Using reduce(_:) with union(_:):

let x2 = a1.reduce(Set<Int>()) { $0.union($1 ?? []) }

Using reduce(into:) with formUnion(_:):

let x3 = a1.reduce(into: Set<Int>()) { $0.formUnion($1 ?? []) }

Using for with formUnion(_:):

var x4 = Set<Int>()

for set in a1 {
  x4.formUnion(set ?? [])
}

Using forEach(_:) with formUnion(_:):

var x5 = Set<Int>() 

a1.forEach { x5.formUnion($0 ?? []) }

Let's compare them for speed (average of 10 runs of 100000 iterations each):

  1. x4 (using for with formUnion(_:)): 0.296 s
  2. x3 (using reduce(into:) with formUnion(_:)): 0.327 s
  3. x5 (using forEach(_:) with formUnion(_:)): 0.344 s
  4. x2 (using reduce(_:) with union(_:)): 0.360 s
  5. x1 (using Set.init(_:) with flatMap): 0.694 s

Code here.

Want speed? Go for for with formUnion(_:). Want speed and FP? Go for reduce(into:) with formUnion(_:). The struckthrough statement is only applicable in Debug mode. In Release mode, with high optimisation settings, the differences become less pronounced.

That was fun. :+1:

4 Likes

@dennisvennink Wow !! that was awesome, thank you so much !!!

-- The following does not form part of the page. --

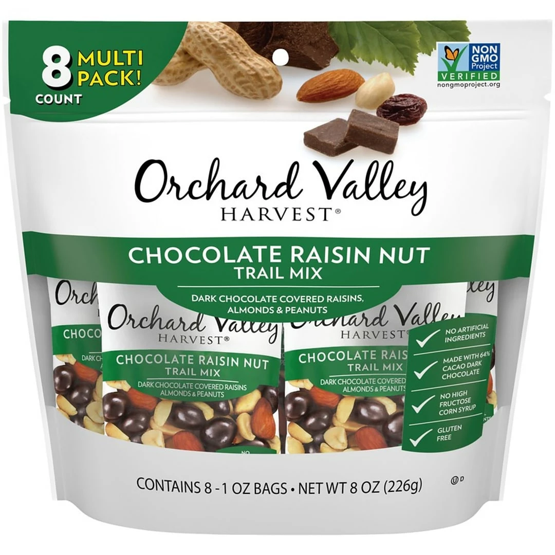 A delicious blend of raisins covered with 64% cacao dark chocolate, almonds and peanuts. Orchard Valley Harvest is dedicated to finding pure and simple nuts and dried sweetened fruit that support your active lifestyle.

It's really cool to learn these new ways ... thanks a ton !!!

A small doubt with x2:
reduce (still learning it), has an accumulating parameter (in out), so with union would a new set be created for every iteration as opposed to x3 which would mutate the set everytime ?

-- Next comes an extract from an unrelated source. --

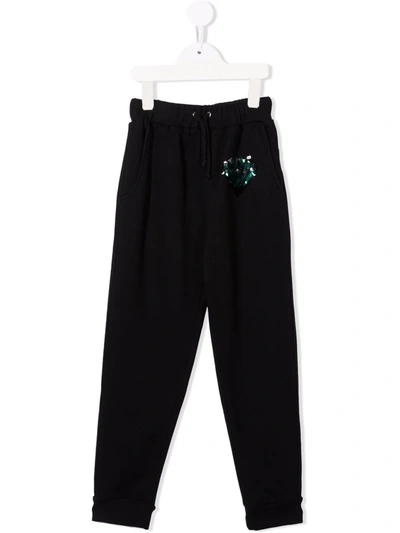 Kids' Sequin-embroidered Track Pants In Black

reduce(into:)'s initialResult ($0 in the closure) refers to the "same" Set<Int> each time. (Technically it's a bit more complicated.) Using union(_:) here will probably be slower as you're creating a new Set<Int> for each iteration. You'll also have to rewrite the closure as { $0 = $0.union($1 ?? []) }.

In reduce(_:)'s closure you return a new Set<Int> every time. formUnion(_:) will not work here as $0 is immutable.

SE-0171 explains a bit more about reduce(into:).

I‘m just on my phone so I couldn‘t test the snippet.

Wouldn‘t somethine like this be better?

Set(a1.lazy.compactMap { $0 }.flatMap { $0 })
Just a somewhat irrelevant side note
import XCTest
@testable import SetUnion

final class SetUnionTests: XCTestCase {
  let a1: [Set<Int>?] = [[1, 2], [2, 3], nil]
  let n = 100000

  func testX1 () {
    self.measure {
      for _ in 1...self.n {
        _ = Set(self.a1.flatMap { $0 ?? [] })
      }
    }
  }
...

Can we be sure that the optimizer (of a future Swift version) won't remove this for-in loop by dead code elimination?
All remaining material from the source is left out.